In politics, this is called "exciting the base", but--as was pointed out with sneering wit by Dubya when he called an audience of fat-cat donors "My base"--the AMPTP's base is a pointy little subsection of the power elite whose shape on a 3-D wealth chart would resemble the top five feet of the Transamerica Building. Even Variety's Peter Bart, so often accused of catering to the companies in his coverage, put it this way in a column:

To a major degree, the writers strike itself (and follow-up clashes) are being fueled not by movies or TV, but by the money and power of the congloms and by their potential stranglehold over future technologies....

Today, as the events of '07 remind us, Hollywood is a mere plaything of the international congloms, and Hollywood product represents a relatively minor sector of the product line.
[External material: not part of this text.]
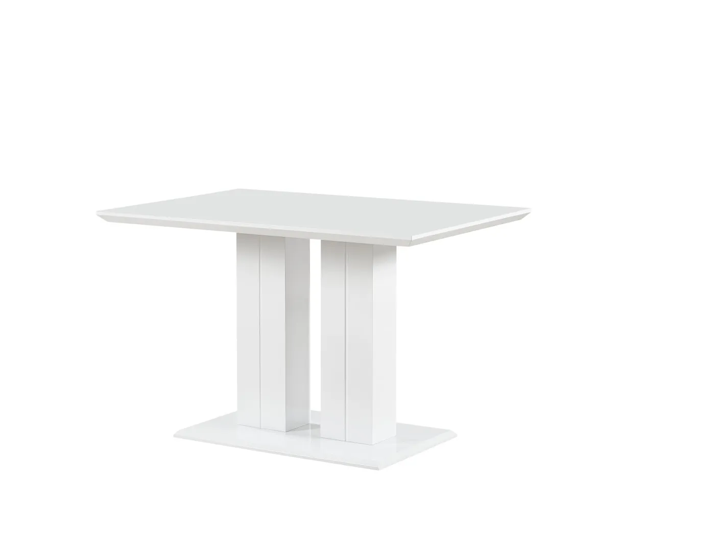 Moderna jedilna miza v beli barvi visok sijaj. Miza ima sredinsko nogo in je fiksna. Izdelana je iz materiala MDF.

Meanwhile the holiday break left the town's Oscar plans in something of an informational black hole. Having already pretty well undercut the Golden Globes--barring an AMPTP return to the bargaining table--with the denial of a waiver for writers and also the threat to picket, the guild has, in a rather wobbly way, brandished the same gun at the Oscars. Putative host Jon Stewart has remained mum, though he and his mate in satire Stephen Colbert, as the WGA wrung its hands over Comedy Central "forcing" their shows back on the air January 7, issued a statement:


We would like to return to work with our writers. If we cannot, we would like to express our ambivalence, but without our writers we are unable to express something as nuanced as ambivalence.
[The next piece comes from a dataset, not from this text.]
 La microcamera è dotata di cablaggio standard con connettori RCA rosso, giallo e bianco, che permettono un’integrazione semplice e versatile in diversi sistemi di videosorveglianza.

Cute, but some writers walking the freezing picket lines may be asking, where's the meat?

That said, the WGA does have a way of playing favorites, as they showed by granting a waiver this week to the Independent Spirit Awards (including host and WGA member Rainn Wilson), and the two pleasingly subversive hosts' obvious empathy (and clout--Colbert was just chosen AP Celebrity of the Year) has preserved them from heavy criticism. (Of the labor-doctrinal sort, anyway--though they're probably not looking forward to the reviews when their writer-less and necessarily padded and jury-rigged telecasts resume.)

Closely related was the effort by David Letterman's Worldwide Pants to win a waiver from the guild for a return to the air. Even though executive producer Rob Burnett took a stab at personally negotiating the waiver, the most the WGA could come up with late Friday was:

Representatives from Worldwide Pants and the Writers Guild of America, West and the Writers Guild of America, East met today. A lively exchange of information took place. The WGAW and WGAE will not comment further
.

With their still-buoyant poll numbers the WGA is clearly sticking with its stated thesis: "The best way to get the awards season back on track is for the AMPTP to return to the bargaining table to negotiate a fair deal with the Writers Guild to get this town back to work."
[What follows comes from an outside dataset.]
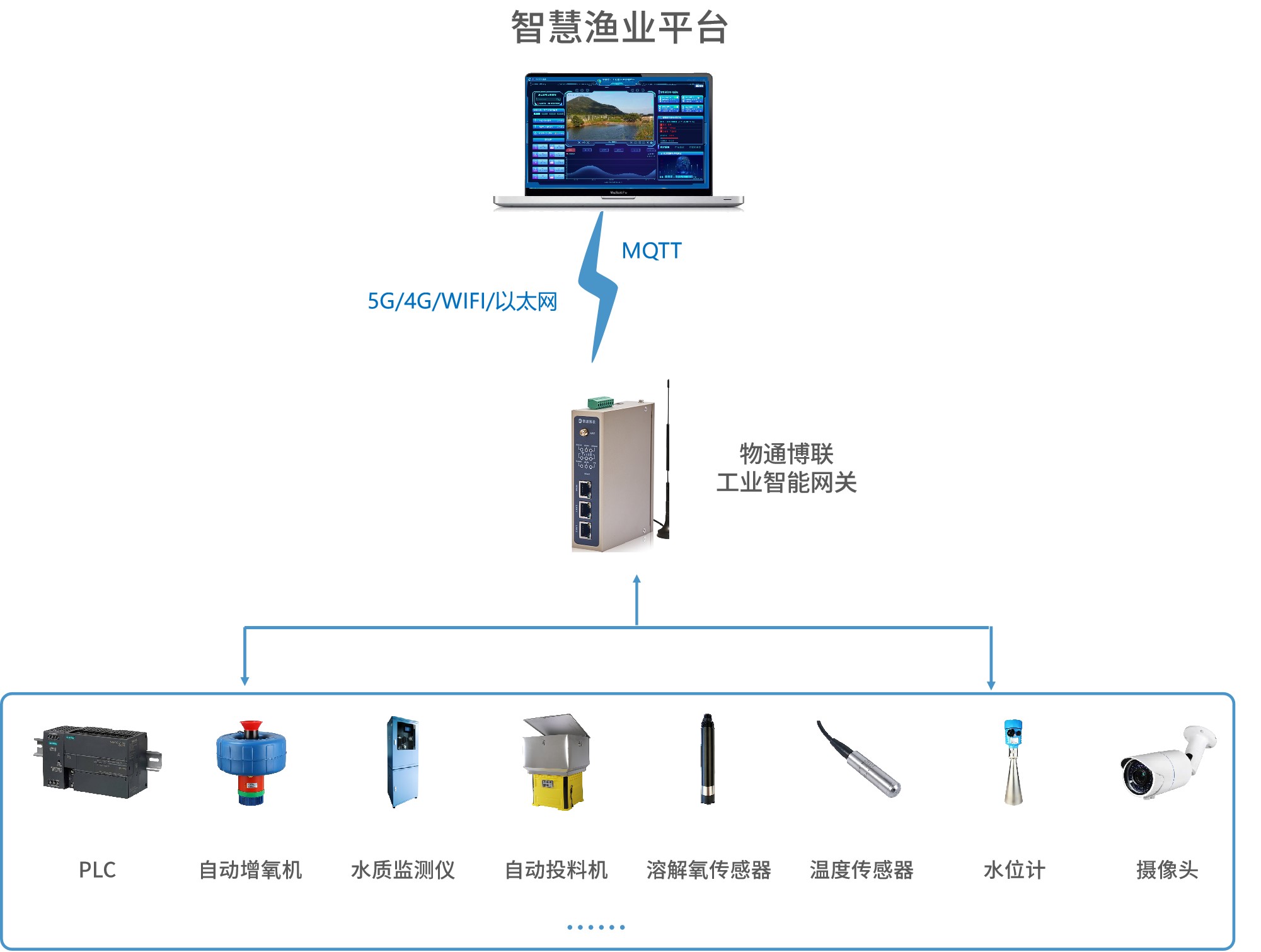 實(shí)時(shí)采集溫度傳感器、水質(zhì)監(jiān)測(cè)儀、PLC、攝像頭等設(shè)備并對(duì)接到智慧漁業(yè)云平臺(tái)或現(xiàn)場(chǎng)監(jiān)控大屏中,確保數(shù)據(jù)采集通信的安全性與完整性。

Meanwhile, the message embodied in one specialist's comments to the Associated Press might reverberate through the holiday season as the writers hibernate and the moguls rusticate:

Mike Asensio, a partner at the national law firm of Baker Hostetler and a specialist in labor law, called the awards shows "a golden opportunity" for the guild, but "whether it works or not remains to be seen. It's a great weapon to have but it's an easy one to misplay and aggravate the public.